From Chang et al. (2015): learning to search "solves the problem by:

1. converting structured prediction into a search problem with specified search space and actions;
2. defining structured features over each state to capture the interdependency between output variables;
3. constructing a reference policy based on training data;
4. learning a policy that imitates the reference policy."

## Computational properties

SEARN originally stresses the ability to apply standard classifier:

From Daum (2006): "Searn operates by transforming structured prediction problems into a collection of classification problems, to which any standard binary classifier may be applied (for instance, a support vector machine or decision tree). In fact, Searn represents a family of structured prediction algorithms depending on the classifier and search space used."

However, this conceptually advantage quickly turns into a drawback when one converts the cost-sensitive training examples into standard training examples. The number of standard training examples scales quadratically with the number of classes (using Weighted-All-Pair reduction, see Daum (2006), page 28). For example, in a labeled dependency parsing problem using Stanford formalism, there are about 90 possible transitions, corresponding to 90 classes. The number of combinations becomes too large.

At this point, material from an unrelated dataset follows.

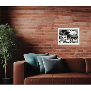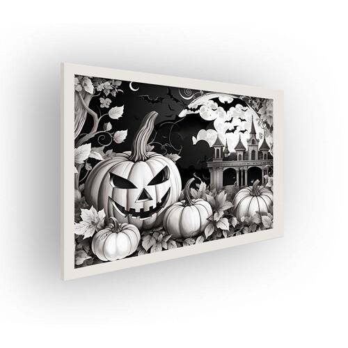 Quadro Decorativo MDF 20x28 c/ Moldura Halloween Pumpkins Gray - Moldura: Branca
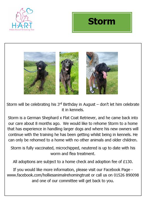 Are you or someone you know looking for a potential new pet? Well let us introduce you to Storm! Read all about him below. If you are interested, please contact us via our Contact Us page or our Facebook page.

Later development avoids this problem by using a regressor. Chang et al. (2015, Supplementary material, Section B) use what they call "Cost-Sensitive One Against All (CSOAA) classification technique", that is a regressor outputting a cost for each class. The class that receives the smallest cost is output as the "classifier" prediction. They train this regressor to predict the given costs, using ridge regression or squared loss.

Another problem is with computing the costs themselves. This is an expensive operation since it involve running a policy until terminated. For a derivation of T transitions, training with regular supervised learning takes O(T). Learning to search would require going through each transition (there are T) and roll-out (run the policy till the end, takes O(T) steps) for each possible action (there are L). Therefore the whole procedure takes O(T^2L). If T ~ 20, L ~ 90 then it is 1800 times slower than supervised training. Straka et al. (2015) alleviate this problem by ignoring some transitions (effectively reducing L) but it's questionable whether this trick can be applied to other problems.

"As many transitions differ only in the label of the arc being added, to improve oracle speed, we employ the following heuristic: when choosing a transition to follow, we consider only those arc-adding transitions that assign the label appearing in the gold tree. This effectively reduces the number of possible transitions from tens to at most five (e.g., from 96 to 4 transitions in the swap system for English)."

Notice: Daum (2006) says training with SEARN takes O(TLk) but I doubt that. I'm not sure what k is so ignore it for now. O(TL) is only to compute the cost of one action while we have O(T) actions for each sentence. So the overall complexity should be in the range of O(T^2L).

"the complexity of training Searn for sequence labeling scales as O(TLk) where T is the sequence length, L is the number of labels and k is the Markov order on the features."

## Applications

Dependency parsing (Chang et al. 2015).

AMR parsing (Goodman et al., 2016).